Maybe a a few (some o the papers he wrote towards the end of his life WERE borderline crackpottery). However, that would be true of many papers written during that era. One of the signs of a crackpot is someone who writes in an anachronistic style; usually because they are not familiar with modern terminology or notation (typically because someone like Tesla is their big hero). Modern physics and its many conventions when it comes to style of writing etc, has only really been around since the 1930s and did not really take off until after WWII (due to the explosion in the number of researchers and the number of journals and the establishment of English as the lingua franca of physics)
If someone was to submit an article written using 1970s notation (using say exclusively CGS units*) to a journal and I was referee I would reject it outright and I would presume it was written by a crackpot.

*Yes I do know CGS units are still used in certain fields (magnetic materials etc), but they are all weird...
 
  • #42
Dale said:
Probably 0. He was not a crackpot and he did not write like a crackpot.

I think you're missing what I'm saying, which is just emphasizing one of the points made in the article. Define: Crackpottery. (rigorously define, please).
The article emphasized the ability of this algorithm to find crackpot articles, but the surprising thing is not that it does this, it's that it isn't designed to. It has effectively found a correlation between a phrase's lack of commonality and the quality of substance of the containing article. This in no way says that someone who uses odd phrases is a crackpot, they might just not have either A) the experience to know which phrases are common enough to use, or B) the ability to care about which phrases are common enough to use.

Is it possible that we have missed zero ideas from the ill definition of crackpottery?

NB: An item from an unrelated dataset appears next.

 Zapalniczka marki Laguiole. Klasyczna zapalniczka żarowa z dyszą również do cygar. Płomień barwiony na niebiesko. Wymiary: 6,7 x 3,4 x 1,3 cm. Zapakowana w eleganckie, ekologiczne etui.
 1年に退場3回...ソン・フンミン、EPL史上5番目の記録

Sure. Is it possible (and in my opinion more likely) that we have missed at least one good idea from this ill definition. Also yes.
 
  • #43
f95toli said:
some o the papers he wrote towards the end of his life WERE borderline crackpottery
Which papers are you referring to? As far as I know, when he was dying, he was working on Kaluza-Klein. Surely that's not what you're referring to? If so then it follows that string theory is crackpottery?
 
  • #44
BiGyElLoWhAt said:
I think you're missing what I'm saying, which is just emphasizing one of the points made in the article. Define: Crackpottery. (rigorously define, please).
Crackpottery in physics is the thing measured by the following test:
http://math.ucr.edu/home/baez/crackpot.html

Similar measurement instruments could be developed in other fields.
 
  • Like
Likes BiGyElLoWhAt
  • #45
Dale said:
Crackpottery in physics is the thing measured by the following test:
http://math.ucr.edu/home/baez/crackpot.html
Similar measurement instruments could be developed in other fields.

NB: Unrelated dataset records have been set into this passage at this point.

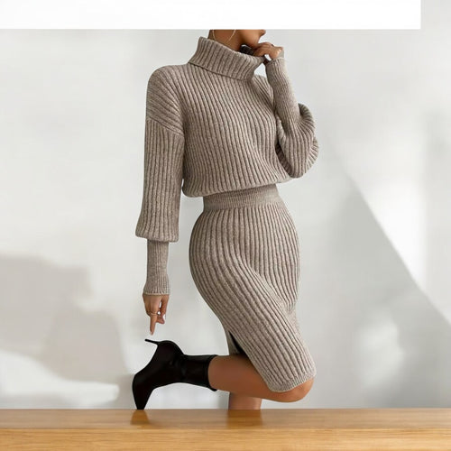 Ribbed Sweater Dress with Cinched Waist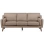 Elegant sofa, fully upholstered in high-quality fabric, pleasant to the touch. Thickly padded cushions and double armrests guarantee pleasant sitting. The mid-century design highlighted by slanted oak wood legs matches all modern and traditional interiors. It works well combined with matching sofa from the same collection, but can also work as a part of eclectic arrangement with various armchairs and couches. Details: Color: Brown, Light Wood. Main material: Polyester. Additional material: Oak Wood, Solid Wood. Material Composition: 100% Polyester Weight: 45 Capacity: 3 People Assembly: Full Assembly Required Wood type: Eucalyptus deglupta, Quercus mongolica Wood Origin: China Cushions Dimensions: 63/51x46 Legs Height: 18 Padding Thickness: 11 Seat Height: 39
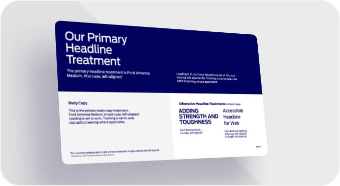 Body Copy This is the primary body copy treatment. Ford Antenna Medium, mixed case, left-aligned. * Leading is set to auto. Tracking is set to zero. Use optical kerning where applicable. * For countries reading right to left, primary treatment is right-aligned, not left-aligned. Accessible Headline for Web Ford Antenna Medium, title case, left-aligned, * 1.5 height line spacing ADDING STRENGTH AND TOUGHNESS Ford Antenna Bold, all caps, left-aligned * Our Primary Headline Treatment The primary headline treatment is Ford Antenna Medium, title case, left-aligned. * Alternative Headline Treatments Limited Usage Leading is 1:1, so if your headline is set at 96, your leading will also be 96. Tracking is set to zero. Use optical kerning where applicable. Home CONFIDENTIAL © 2021 Ford Motor Company. All Rights Reserved. DRAFT 05 DRAFT 05

That's interesting. I'm not sure how this actually works, though. It seems as though the more points, the more crackpot it is. Considering number 1 is a 5 point starting credit, everything is a little bit crackpotty.
2) Were I working on, say, quantum gravity, it is likely that Einstein and Feynman would pop up on occasion, rendering my otherwise perfectly valid paper highly crackpotty. I suppose (from reading further on) that he's referring to the misspellings?
3) I'm pretty sure there's a reward out there to prove asymptotic freedom (maybe it's quark confinement?). I would assume that this reward would be equally applicable to someone proving the nonexistence of the proof for asymptotic freedom (or quark confinement).
4) Quite honestly, most of that is just silly, and I could probably come up with another list that included none or few of these elements and it could be equally applicable.

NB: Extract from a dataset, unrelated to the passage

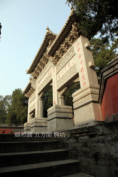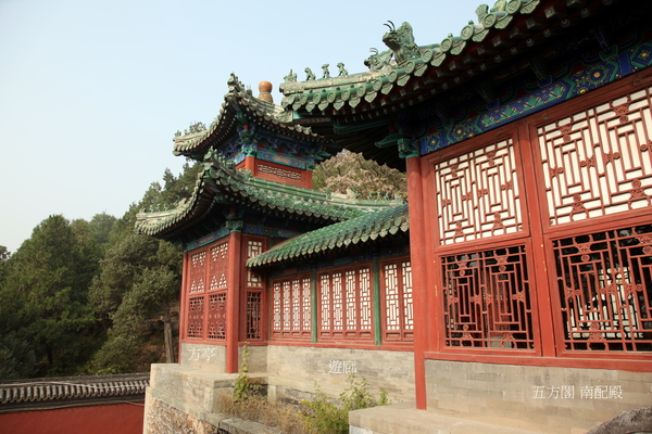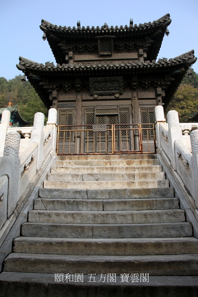 位佛香閣西南角.乾隆時期始建,與東北角轉輪藏對稱,同高.寶雲閣 銅殿為中心,由主配殿、角亭、遊廊等圍合成方形院落,其佈局象徵佛教密宗的“ 曼荼羅 ”,意喻“萬德圓滿”、眾神聚集. 1860年被焚毀,1886年重建。 “五方”表示聚五方之色,寓意天下歸心,四海昇平.五方源自佛家語“五方色-五方五佛”:東青,南赤,西白,北黑、中黃.正殿五方閣坐落在11.26米的高臺之上,閣下石壁上刻有蓮花邊框,是當年誦經時懸掛佛像的地方.兩側有三間迭落式走廊與高臺中的暗道相連.主、配殿皆為綠色琉璃瓦歇山頂.院內四角,各有一座重檐方亭,有24間迴廊連通各個殿堂.

It is kind of funny that someone put the time into coming up with that list, though.
I particularly like number 31) "30 points for claiming that your theories were developed by an extraterrestrial civilization (without good evidence)."
I think the theory would potentially be overlooked by the "good evidence" part :biggrin:
 
  • #46
However, this does seem to justify my reemphasis of the point that there is no rigorous definition of whether a paper is crackpottery or not.
 
  • #47
BiGyElLoWhAt said:
Considering number 1 is a 5 point starting credit, everything is a little bit crackpotty.
That's a -5 starting credit!

BiGyElLoWhAt said:
It is kind of funny that someone put the time into coming up with that list, though.

Not funny when you remember that he used to be(and maybe still is) being flooded with letters from crackpots!
 
  • Like
Likes BiGyElLoWhAt
  • #48
I suppose that is a (-)5 point credit. Apologies.
 
  • #49
Also you have to read the names carefully, Einstien, Feynmann and Hawkins !
They are wrong.
 
  • #50
I did see that, but only after his point about messaging him about how he misspelled Einstien. I just sort of skimmed through it, if that wasn't obvious.
 
  • #51
Dale said:
I don't think this has ever happened.

Galois couldn't get his paper accepted because it was written so badly. "The ink was almost white," the reviewer said.

Grassman couldn't get linear algebra accepted because of the rough presentation. He self-published.
 
  • #52
Hornbein said:
Galois couldn't get his paper accepted because it was written so badly. "The ink was almost white," the reviewer said.

Well then he should have put more time into writing his paper. Its like complaining that your paper isn't accepted because it has a spelling error every other line.

Grassman couldn't get linear algebra accepted because of the rough presentation. He self-published.

What do you mean with rough presentation, ambiguous? Or perhaps too fast (using the trivial-argument)?In both cases I'd say that it doesn't matter how good your research is if the reader has to go to extraordinary lengths to comprehend it.
Be it using a magnifying glass to read it or figure out new techniques with only a statement of the problem and the result.
 
  • #53
JorisL said:
What do you mean with rough presentation, ambiguous? Or perhaps too fast (using the trivial-argument)?

He was self-taught and used strange terminology, I think. In at least one case the referee was enthusiastic about the contents, but thought the presentation was too poor. It didn't help that his ideas were so original.
 
  • #54
Hornbein said:
He was self-taught and used strange terminology, I think. In at least one case the referee was enthusiastic about the contents, but thought the presentation was too poor.

Isn't that normal? How can you understand something if the terminology isn't standard, adding an extra layer of difficulty.
Ideally the referee would help him contact someone that's willing to help but this requires even a basic understanding of what's actually done.
 
  • #55
JorisL said:
Isn't that normal? How can you understand something if the terminology isn't standard, adding an extra layer of difficulty.
Ideally the referee would help him contact someone that's willing to help but this requires even a basic understanding of what's actually done.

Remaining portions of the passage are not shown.